Sechs dieser "Zeitbilder" sind in den beiden ersten Bänden enthalten. Der erste Band (Die Vormoderne) rekonstruiert für das 9. Jahrhundert einen "Flickenteppich verstreuter Kleinsiedlungen", beschreibt das Leben in den "Kleindörfern und Burgstädten" des 12. und frühen 13. Jahrhunderts, in den Streusiedlungen des 15. Jahrhunderts sowie den moskowitischen Alltag der vorpetrinischen Zeit "im Schatten autokratischer Allmacht". Der zweite Band (Auf dem Weg zur Moderne) steht dank des wachsenden Bestandes an Ego-Dokumenten auf breiteren Fundamenten; er wendet sich zunächst den Folgen der petrinischen Reformen zu, der "gespaltenen Gesellschaft" unter Katharina II. (1762 bis 1796), und beschreibt sodann die städtischen und ländlichen Lebenswelten Russlands im Sog forcierter Modernisierung (1880 bis 1914).

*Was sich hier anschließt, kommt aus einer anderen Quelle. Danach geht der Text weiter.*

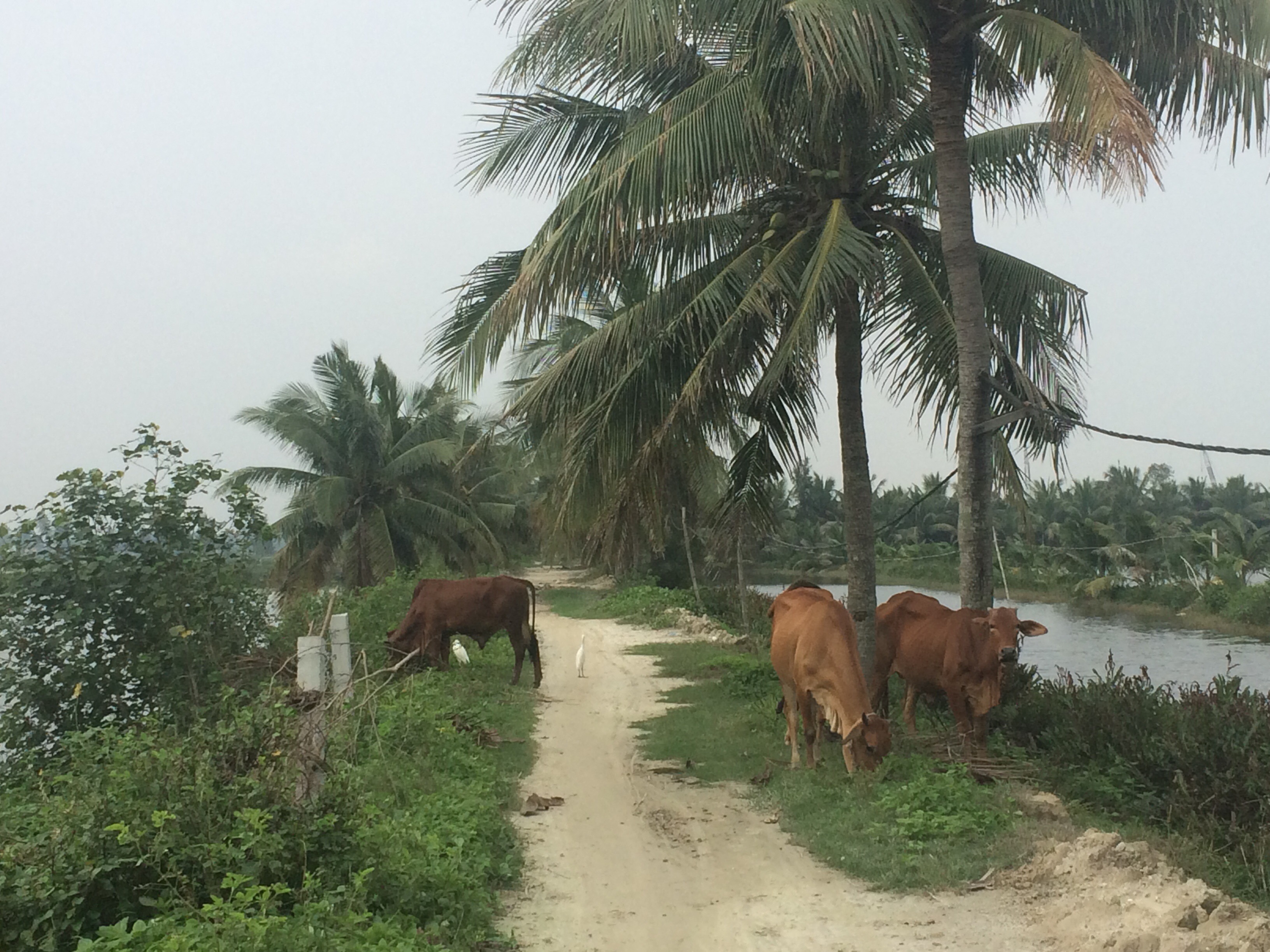 On Saturday morning, we went on a cycling trip run by a company called Path Bikers. We cycled around villages in the area, visiting a herb farm that was 400 years old, observing boat builders who were building a tourist boat, and stopping to take photos of water buffalo, cows, water palms and coconut trees. After a really enjoyable ride, we asked the guide’s recommendation for lunch in Danang. He didn’t just offer a suggestion, but took us to a restaurant and ordered for us. We had pork skewers (nem lui) and rice pancakes (banh xeo), served with peanut (and pig liver – thanks for the info, Fionnuala!) sauce. The food was amazing, and we would never have found the restaurant by ourselves.
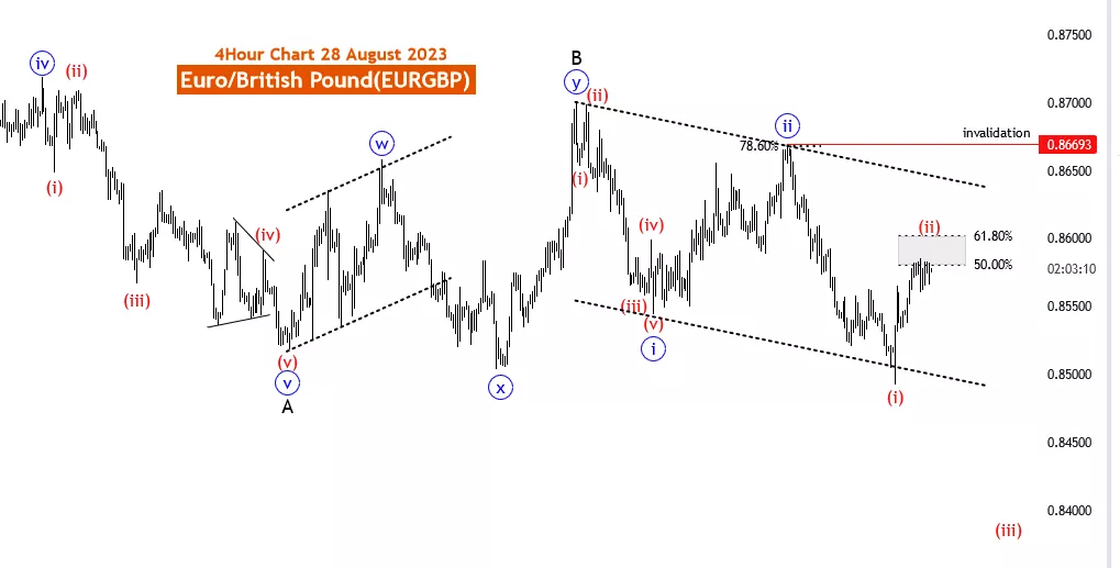 The EURGBP Elliott Wave Analysis for 28 August 23, delves into the 4-hour chart of the Euro/British Pound currency pair, providing insights into counter-trend trading within the context of a corrective wave pattern.
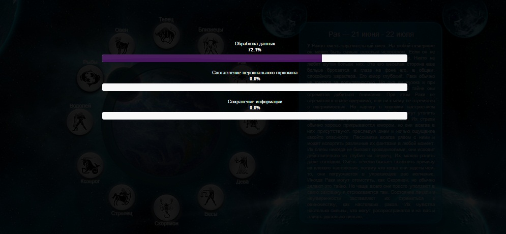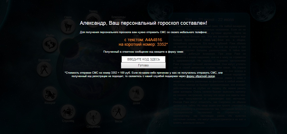 Движок СМС - платник гороскопа. В чём заключается смысл данного сайта? Пользователь заходит на сайт, вводит свои данные и чтобы получить гороскоп должен отправить платное СМС. Вся информация на сайте составлена профессиональными астрологами. Установка, подключение коротких номеров прилагается.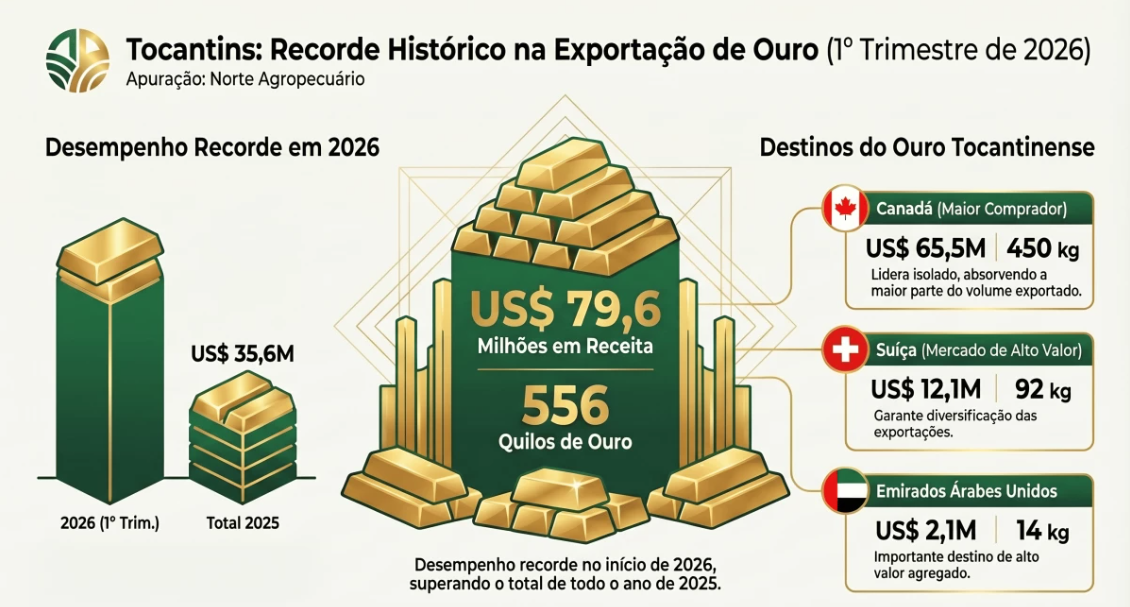 O Tocantins encerrou o primeiro trimestre de 2026 com um desempenho sem precedentes na mineração. Pela primeira vez na história, o estado exportou 556 quilos de ouro em apenas três meses, gerando uma receita superior a US$ 79,6 milhões (aproximadamente R$ 400 milhões).

Die sechs Großkapitel sind nahezu gleichartig strukturiert. Der eigentlichen Darstellung gehen jeweils knappe Überblicke voraus: Sie charakterisieren die Quellenlage und den Forschungsstand und stellen den Bezug zu den Makrostrukturen her, zu den Epochen jener "großen Geschichte", in der gewöhnlich wenig Platz ist für die Lebensbedingungen, Emotionen und Erfahrungen der kleinen Leute. Um dem Leser unmittelbare Anschauungen zu vermitteln, sind jedem Kapitel Quellen und zeitgenössische Abbildungen beigegeben worden.